The answer must consist of every line from the entries below that contains the word "with".

■ **GIVEN DATA**

────────

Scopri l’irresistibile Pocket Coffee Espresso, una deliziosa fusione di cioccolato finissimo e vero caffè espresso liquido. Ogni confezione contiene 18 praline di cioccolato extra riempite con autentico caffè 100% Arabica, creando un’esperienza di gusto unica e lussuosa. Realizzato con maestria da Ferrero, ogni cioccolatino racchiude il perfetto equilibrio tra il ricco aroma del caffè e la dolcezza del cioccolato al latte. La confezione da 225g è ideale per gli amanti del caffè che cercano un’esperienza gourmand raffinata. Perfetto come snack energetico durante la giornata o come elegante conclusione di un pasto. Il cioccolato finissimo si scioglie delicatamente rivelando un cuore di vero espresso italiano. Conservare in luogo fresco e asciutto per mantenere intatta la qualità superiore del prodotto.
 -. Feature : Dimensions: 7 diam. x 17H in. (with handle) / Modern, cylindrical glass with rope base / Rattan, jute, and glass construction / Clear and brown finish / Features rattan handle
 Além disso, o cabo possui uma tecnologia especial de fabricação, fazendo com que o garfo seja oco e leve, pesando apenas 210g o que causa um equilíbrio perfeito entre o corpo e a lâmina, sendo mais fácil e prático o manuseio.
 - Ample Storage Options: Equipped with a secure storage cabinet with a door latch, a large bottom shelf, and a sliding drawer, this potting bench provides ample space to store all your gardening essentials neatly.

────────

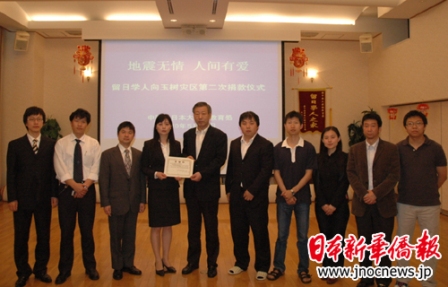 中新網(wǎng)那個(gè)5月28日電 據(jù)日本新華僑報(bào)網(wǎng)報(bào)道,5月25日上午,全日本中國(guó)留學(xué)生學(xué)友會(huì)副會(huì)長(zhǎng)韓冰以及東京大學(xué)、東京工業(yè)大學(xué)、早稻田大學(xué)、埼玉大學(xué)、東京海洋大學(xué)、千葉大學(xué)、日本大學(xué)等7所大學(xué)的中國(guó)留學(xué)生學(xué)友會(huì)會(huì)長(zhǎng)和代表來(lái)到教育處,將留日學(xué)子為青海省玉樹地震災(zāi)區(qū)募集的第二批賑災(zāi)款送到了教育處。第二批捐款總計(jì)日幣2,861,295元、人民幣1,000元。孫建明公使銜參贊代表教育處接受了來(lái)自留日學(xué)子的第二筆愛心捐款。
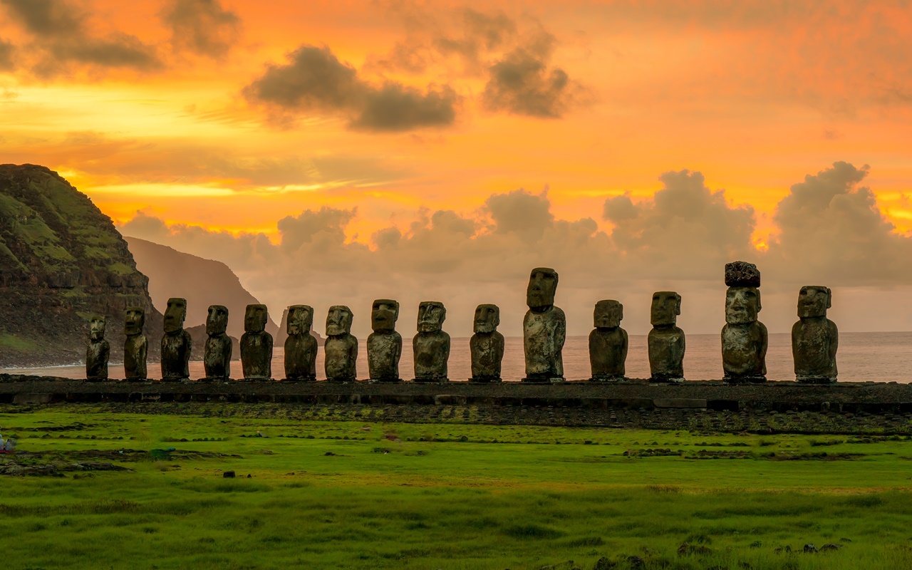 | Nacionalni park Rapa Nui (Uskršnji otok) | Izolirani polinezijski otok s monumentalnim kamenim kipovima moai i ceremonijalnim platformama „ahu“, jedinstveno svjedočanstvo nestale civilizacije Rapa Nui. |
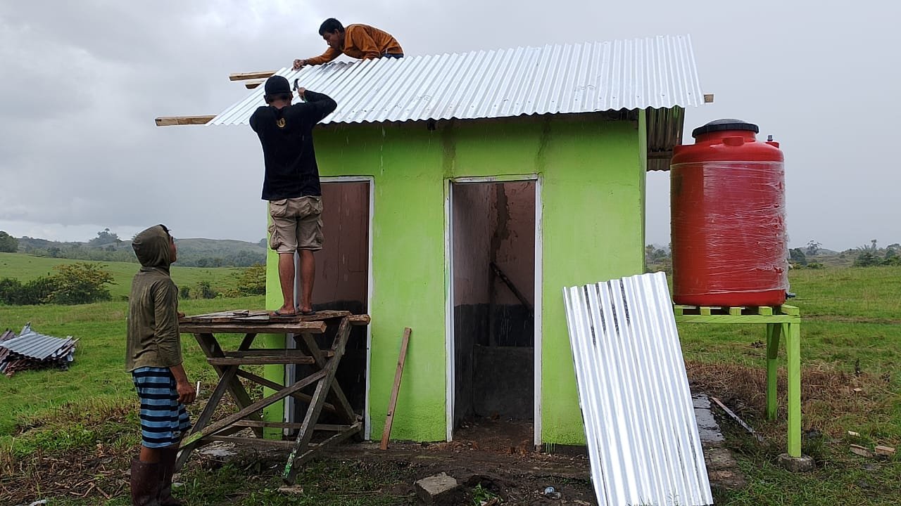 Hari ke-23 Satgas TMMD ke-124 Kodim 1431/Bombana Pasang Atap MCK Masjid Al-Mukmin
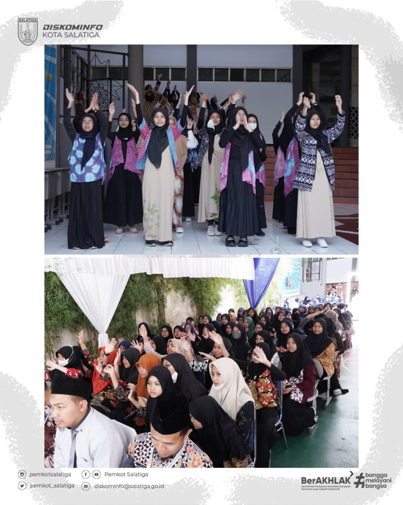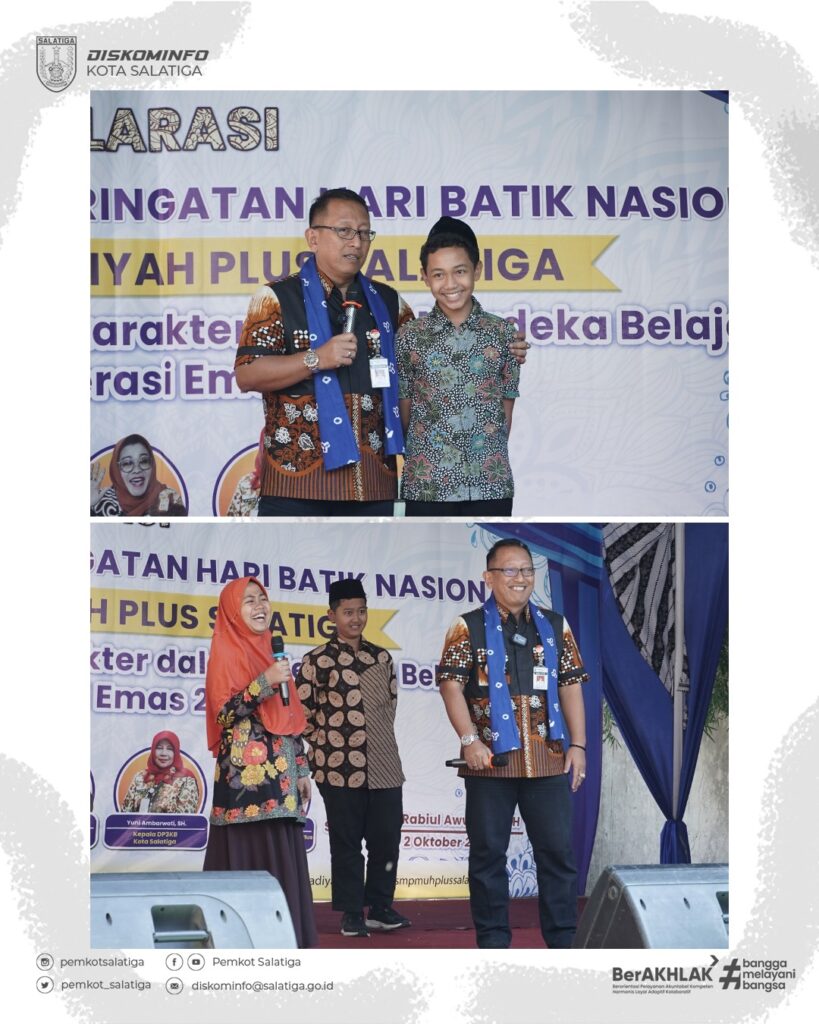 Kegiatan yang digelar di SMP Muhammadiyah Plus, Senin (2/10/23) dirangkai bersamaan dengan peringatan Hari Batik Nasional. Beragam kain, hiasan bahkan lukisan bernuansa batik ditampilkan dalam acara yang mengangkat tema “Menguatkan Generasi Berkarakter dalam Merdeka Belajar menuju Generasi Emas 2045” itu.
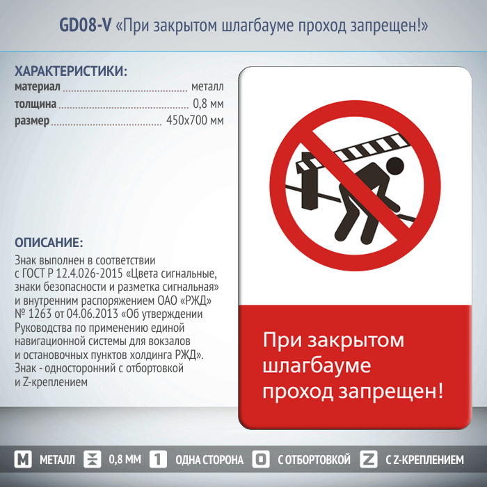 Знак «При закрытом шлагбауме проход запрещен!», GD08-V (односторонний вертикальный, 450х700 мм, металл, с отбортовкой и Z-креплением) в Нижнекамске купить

────────

■ **EXERCISE RESPONSE**
 -. Feature : Dimensions: 7 diam. x 17H in. (with handle) / Modern, cylindrical glass with rope base / Rattan, jute, and glass construction / Clear and brown finish / Features rattan handle
 - Ample Storage Options: Equipped with a secure storage cabinet with a door latch, a large bottom shelf, and a sliding drawer, this potting bench provides ample space to store all your gardening essentials neatly.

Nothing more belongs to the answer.